=== Section Start ===

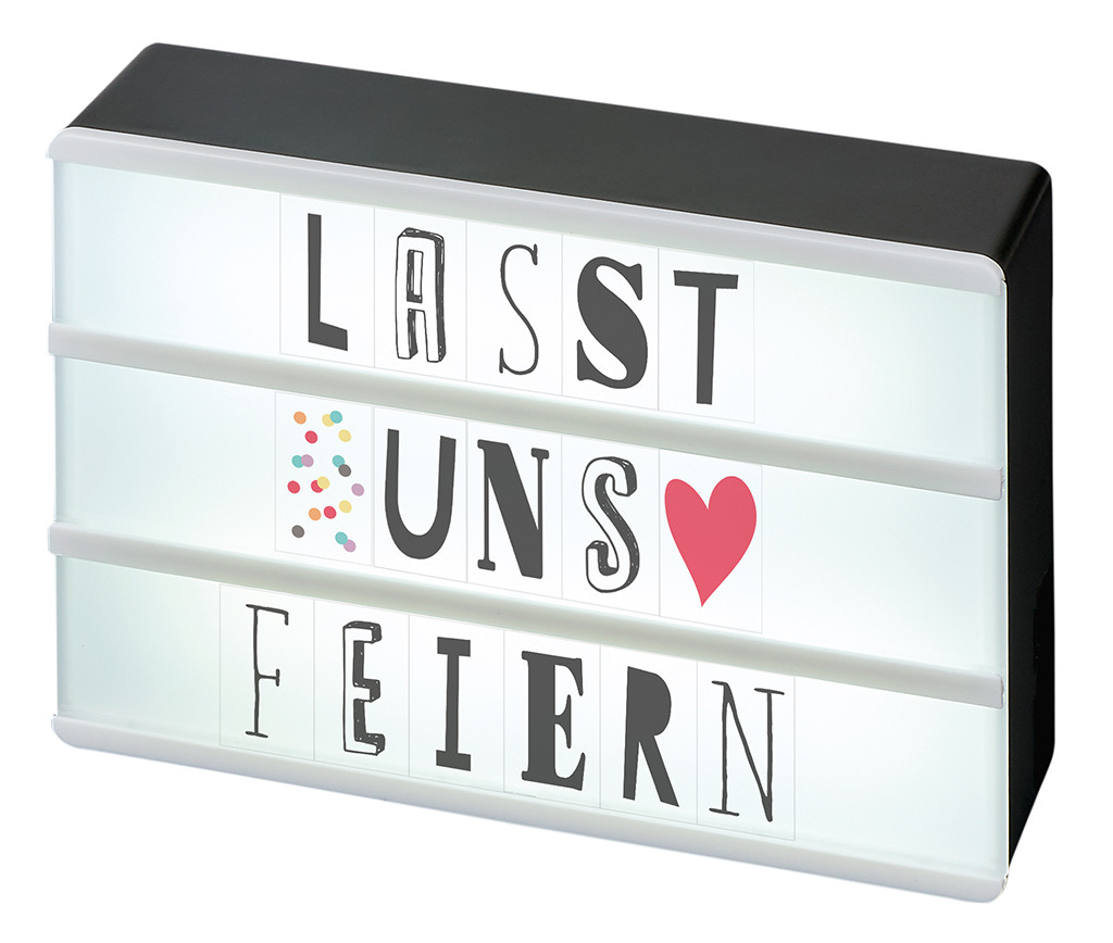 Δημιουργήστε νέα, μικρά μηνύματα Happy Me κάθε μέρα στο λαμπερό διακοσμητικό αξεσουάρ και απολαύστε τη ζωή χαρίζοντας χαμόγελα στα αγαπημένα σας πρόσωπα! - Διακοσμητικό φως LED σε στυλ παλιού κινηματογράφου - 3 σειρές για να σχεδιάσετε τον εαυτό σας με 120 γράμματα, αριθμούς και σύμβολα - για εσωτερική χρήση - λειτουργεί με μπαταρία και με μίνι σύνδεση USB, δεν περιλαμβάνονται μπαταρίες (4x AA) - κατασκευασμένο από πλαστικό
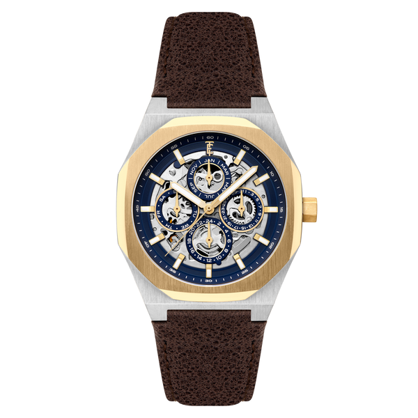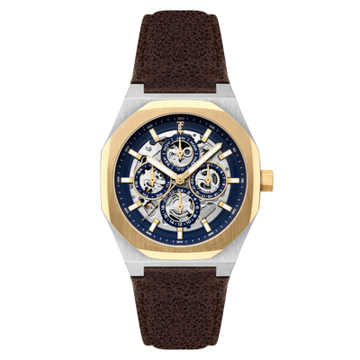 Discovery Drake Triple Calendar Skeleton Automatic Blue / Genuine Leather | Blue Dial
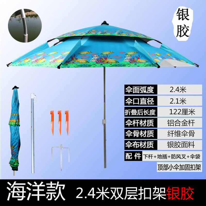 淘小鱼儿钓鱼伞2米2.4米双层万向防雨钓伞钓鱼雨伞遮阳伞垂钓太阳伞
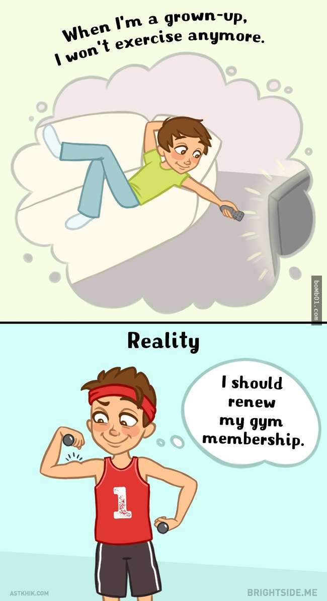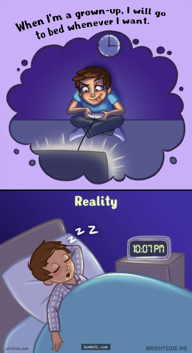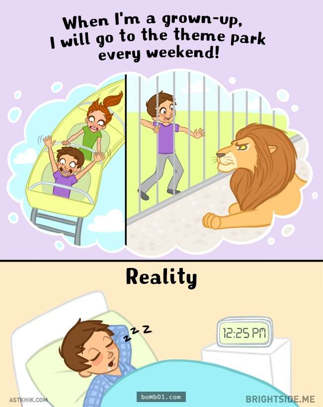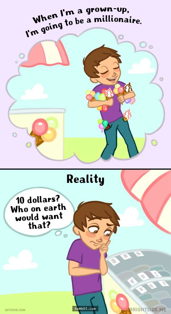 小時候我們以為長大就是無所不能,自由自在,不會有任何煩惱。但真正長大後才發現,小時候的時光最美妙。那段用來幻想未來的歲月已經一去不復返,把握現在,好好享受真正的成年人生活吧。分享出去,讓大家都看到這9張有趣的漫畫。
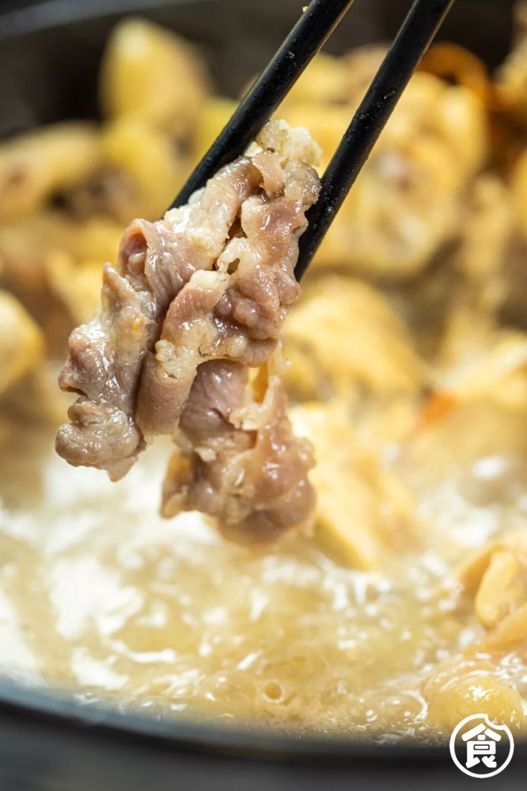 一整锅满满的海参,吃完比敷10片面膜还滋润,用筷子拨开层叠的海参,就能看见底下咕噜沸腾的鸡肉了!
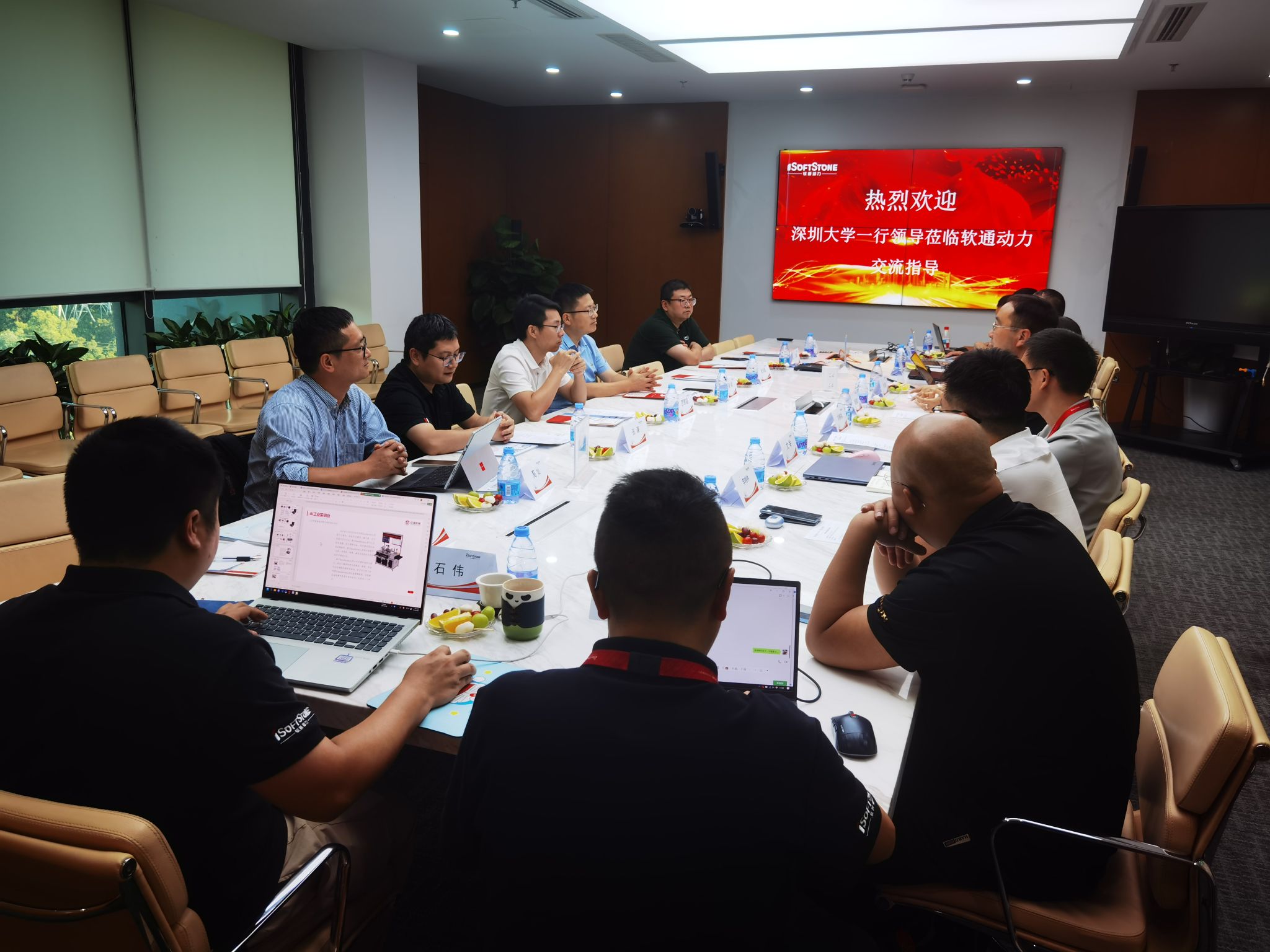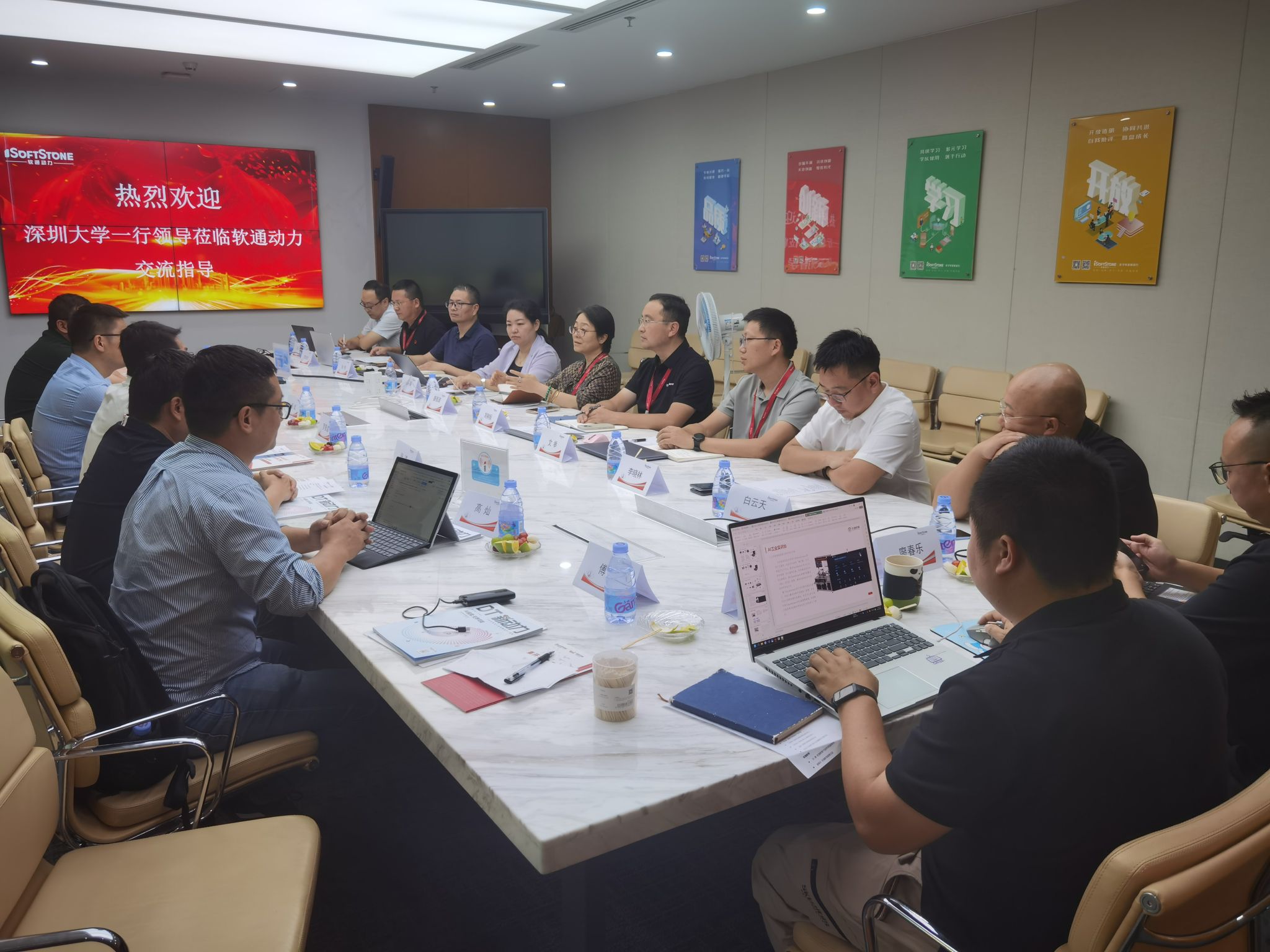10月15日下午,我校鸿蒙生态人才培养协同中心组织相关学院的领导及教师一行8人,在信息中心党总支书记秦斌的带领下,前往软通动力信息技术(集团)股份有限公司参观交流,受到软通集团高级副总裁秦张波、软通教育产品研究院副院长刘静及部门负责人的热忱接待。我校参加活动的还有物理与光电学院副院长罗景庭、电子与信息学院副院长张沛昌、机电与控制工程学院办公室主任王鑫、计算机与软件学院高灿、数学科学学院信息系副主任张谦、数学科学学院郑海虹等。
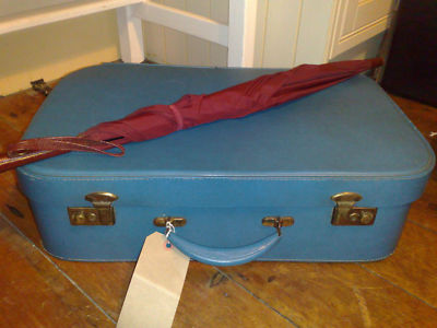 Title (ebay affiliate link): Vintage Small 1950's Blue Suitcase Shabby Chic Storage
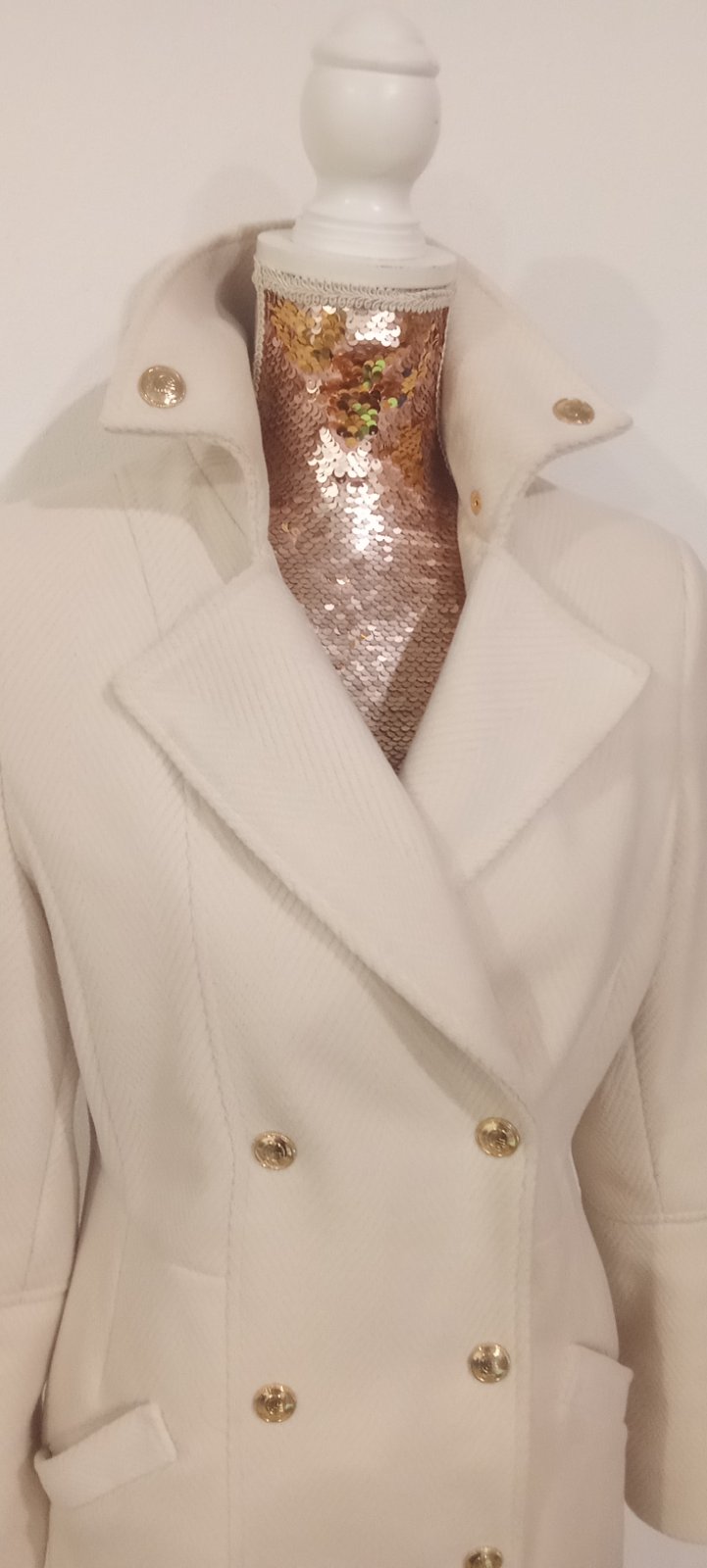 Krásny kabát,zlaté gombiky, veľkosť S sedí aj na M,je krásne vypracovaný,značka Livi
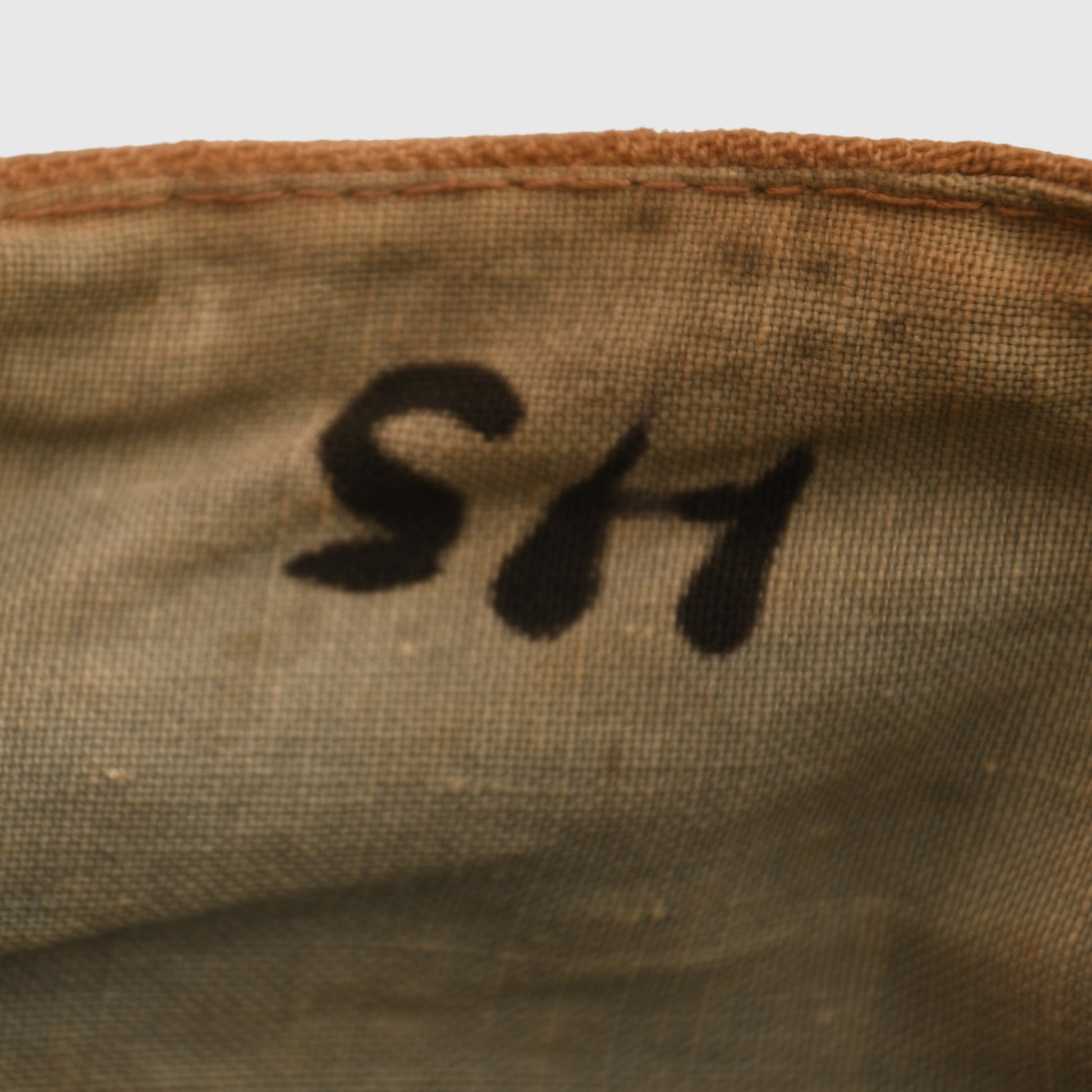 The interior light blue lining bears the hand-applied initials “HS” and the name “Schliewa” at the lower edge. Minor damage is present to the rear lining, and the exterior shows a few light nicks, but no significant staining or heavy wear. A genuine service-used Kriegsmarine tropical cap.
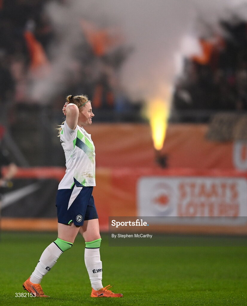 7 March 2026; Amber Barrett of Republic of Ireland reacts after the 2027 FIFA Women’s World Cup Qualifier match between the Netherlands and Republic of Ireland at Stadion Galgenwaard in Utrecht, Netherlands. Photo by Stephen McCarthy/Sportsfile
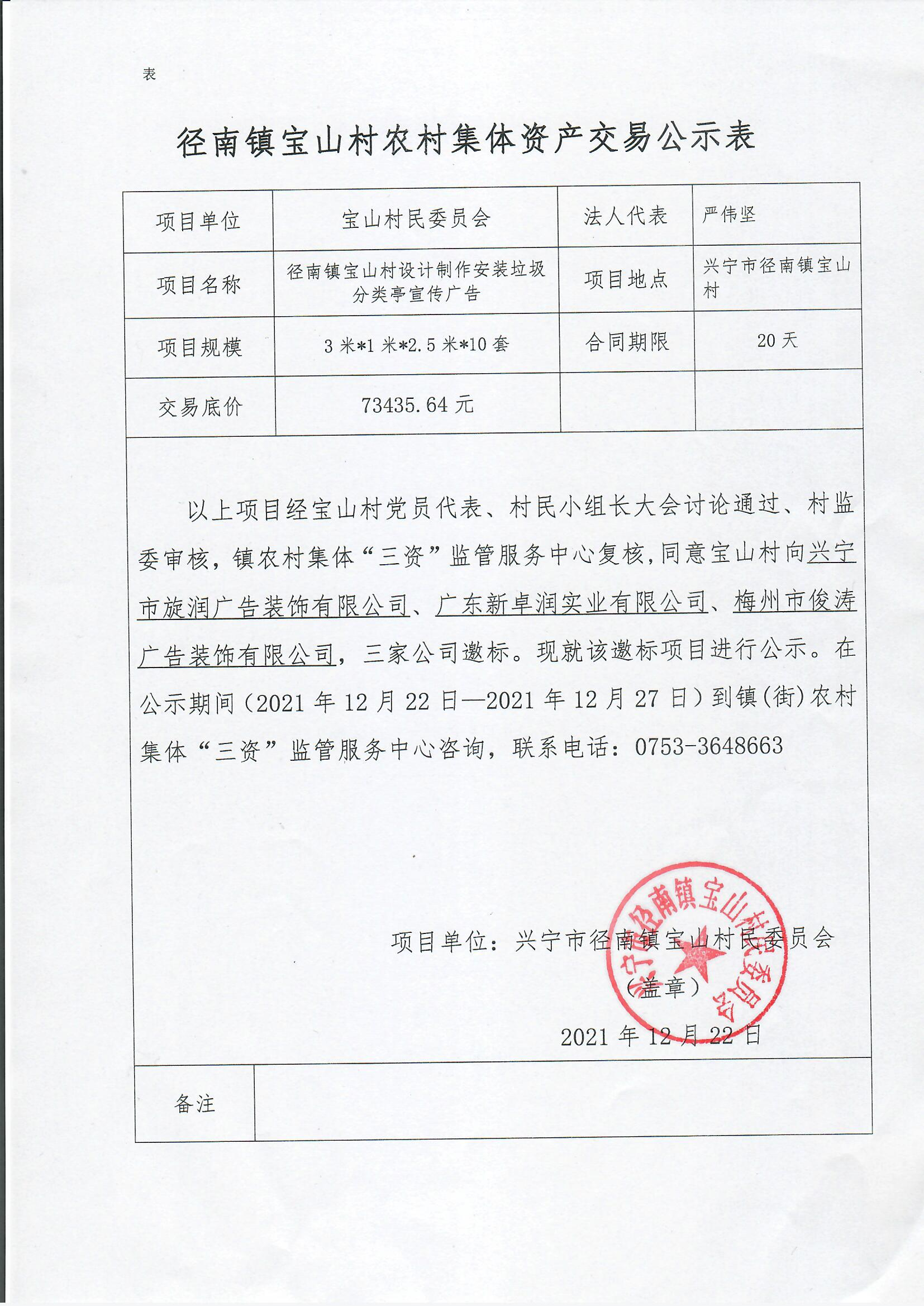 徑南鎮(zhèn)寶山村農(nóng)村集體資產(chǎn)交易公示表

=== Section End ===

What you return should be the exact lines from the one containing "7 March 2026;" through the end of the listing above, both included, minus any pictures.

 7 March 2026; Amber Barrett of Republic of Ireland reacts after the 2027 FIFA Women’s World Cup Qualifier match between the Netherlands and Republic of Ireland at Stadion Galgenwaard in Utrecht, Netherlands. Photo by Stephen McCarthy/Sportsfile
 徑南鎮(zhèn)寶山村農(nóng)村集體資產(chǎn)交易公示表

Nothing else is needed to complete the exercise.